++++ GIVEN MATERIAL
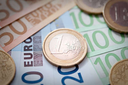 Vintage looking Euro banknote and coin (currency of the European Union)
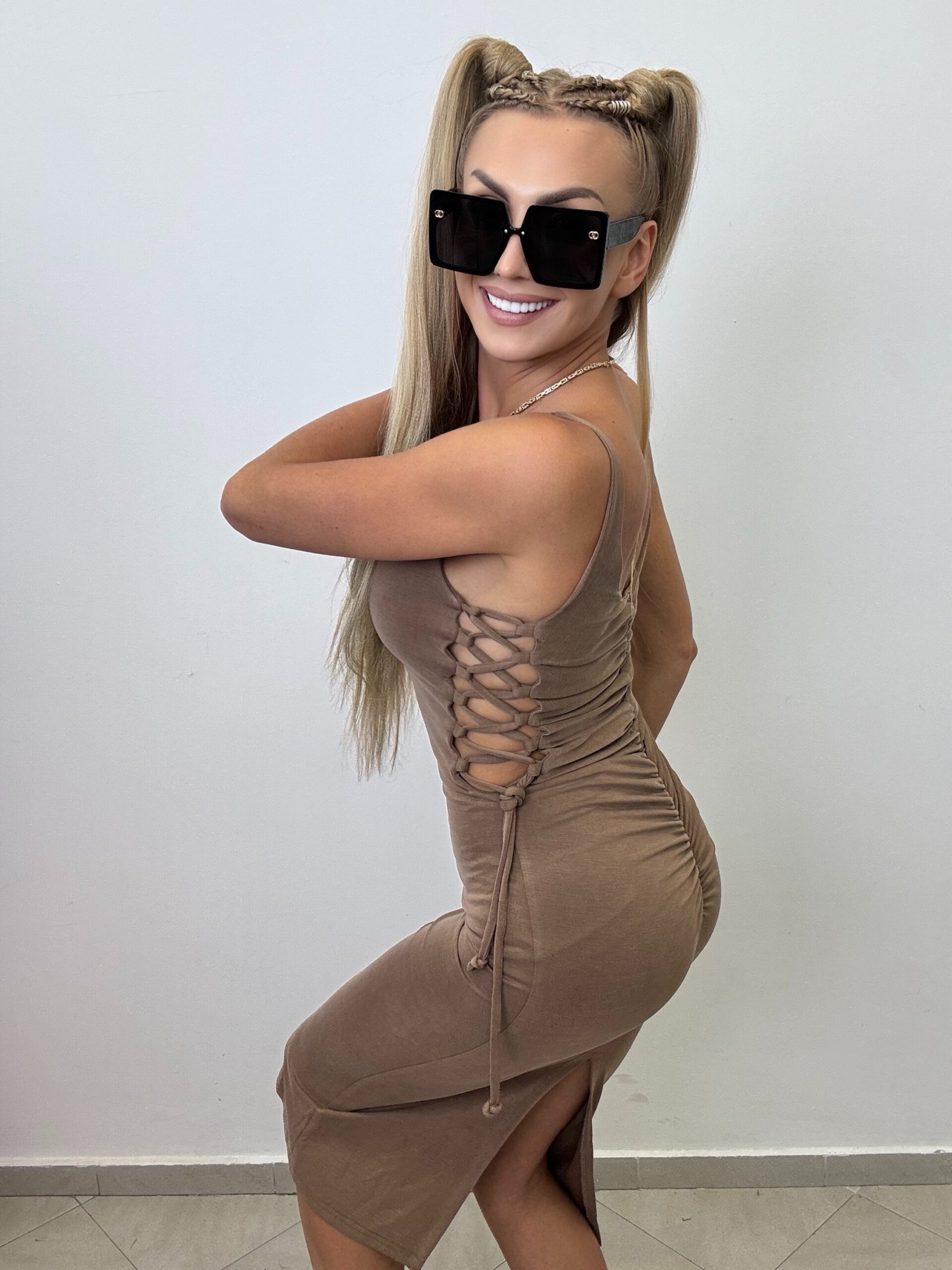 Strona główna » Sklep » Sukienka midi z wiązaniem beż KS by …
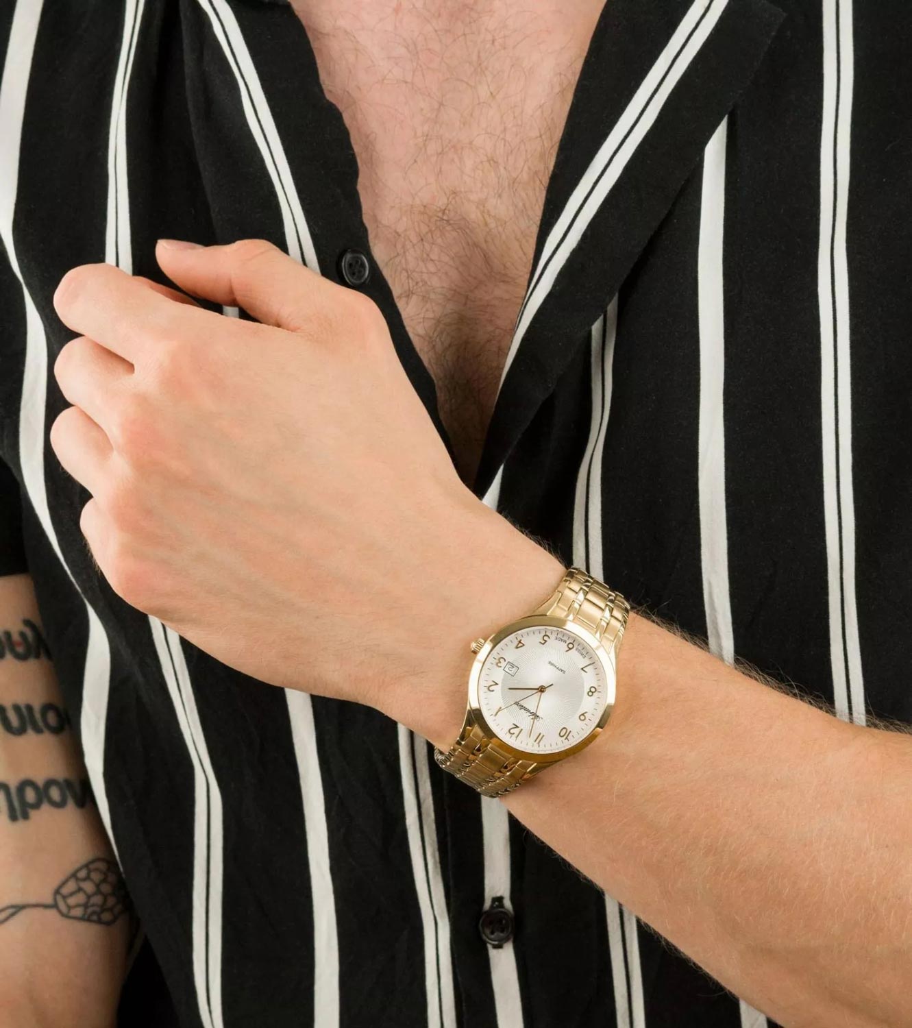 Швейцарские мужские наручные часы Adriatica Twin A1236.1123Q, кварцевый механизм с высокой точностью. Сапфировое стеклоСапфировое стеклоПрочный и надёжный материал из кристалла сапфира синтетического происхождения, характеризующийся особой твёрдостью и устойчивостью к царапинам и повреждениям. устойчивое к появлению царапин, обладающее высокой прозрачностью. Класс водозащиты: 50 метров, позволит защитить корпус от случайных брызг или капель дождя. Корпус часов изготовлен из стали с PVDPVDУльтратонкое покрытие наносится в технике вакуумного напыления, сочетает в себе нитрид титана особой прочности со слоем золота или оксида хрома. Несёт в себе декоративную или защитную функцию. покрытием. Часы оснащены оригинальным литым браслетом со съемными секциями, позволяющими регулировать длину. Циферблат окрашен в серебристый цвет, центр которого украшен гильошированным рисунком в виде дуг, расходящихся от центра до длинных позолоченных маркеров часа.
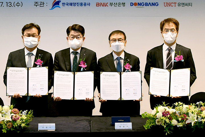 부산은행과 한국해양진흥공사가 해운물류산업 경쟁력 확보와 민간주도의 투자활성화 및 스마트항만 구축을 지원하기 위해 7월 13일 울산신항 컨테이너터미널에서 ‘울산신항 민간투자시설사업 안정적 운영을 위한 다자간 업무협약’을 체결했다. 울산신항 컨테이너터미널은 2021년에 314,000TEU의 컨테이너 물동량을 처리한 울산을 대표하는 컨테이너항만으로, 울산신항 영업경쟁력 강화를 위해 부산은행과 한국해양진흥공사가 공동으로 금융지원을 실시하기로 했다. 부산은행은 현재 국내 부동산·SOC·출투자 중심의 IB사업에서 국내외 항만 인프라사업으로 투자금융본부 내 해양투자금융부의 업무영역을 확대하고 있다.
++++++++
■ YOUR INSTRUCTIONS
Where the data includes pictures, leave them out and write out everything else exactly.

■ RESULT OF THIS EXERCISE
 Vintage looking Euro banknote and coin (currency of the European Union)
 Strona główna » Sklep » Sukienka midi z wiązaniem beż KS by …
 Швейцарские мужские наручные часы Adriatica Twin A1236.1123Q, кварцевый механизм с высокой точностью. Сапфировое стеклоСапфировое стеклоПрочный и надёжный материал из кристалла сапфира синтетического происхождения, характеризующийся особой твёрдостью и устойчивостью к царапинам и повреждениям. устойчивое к появлению царапин, обладающее высокой прозрачностью. Класс водозащиты: 50 метров, позволит защитить корпус от случайных брызг или капель дождя. Корпус часов изготовлен из стали с PVDPVDУльтратонкое покрытие наносится в технике вакуумного напыления, сочетает в себе нитрид титана особой прочности со слоем золота или оксида хрома. Несёт в себе декоративную или защитную функцию. покрытием. Часы оснащены оригинальным литым браслетом со съемными секциями, позволяющими регулировать длину. Циферблат окрашен в серебристый цвет, центр которого украшен гильошированным рисунком в виде дуг, расходящихся от центра до длинных позолоченных маркеров часа.
 부산은행과 한국해양진흥공사가 해운물류산업 경쟁력 확보와 민간주도의 투자활성화 및 스마트항만 구축을 지원하기 위해 7월 13일 울산신항 컨테이너터미널에서 ‘울산신항 민간투자시설사업 안정적 운영을 위한 다자간 업무협약’을 체결했다. 울산신항 컨테이너터미널은 2021년에 314,000TEU의 컨테이너 물동량을 처리한 울산을 대표하는 컨테이너항만으로, 울산신항 영업경쟁력 강화를 위해 부산은행과 한국해양진흥공사가 공동으로 금융지원을 실시하기로 했다. 부산은행은 현재 국내 부동산·SOC·출투자 중심의 IB사업에서 국내외 항만 인프라사업으로 투자금융본부 내 해양투자금융부의 업무영역을 확대하고 있다.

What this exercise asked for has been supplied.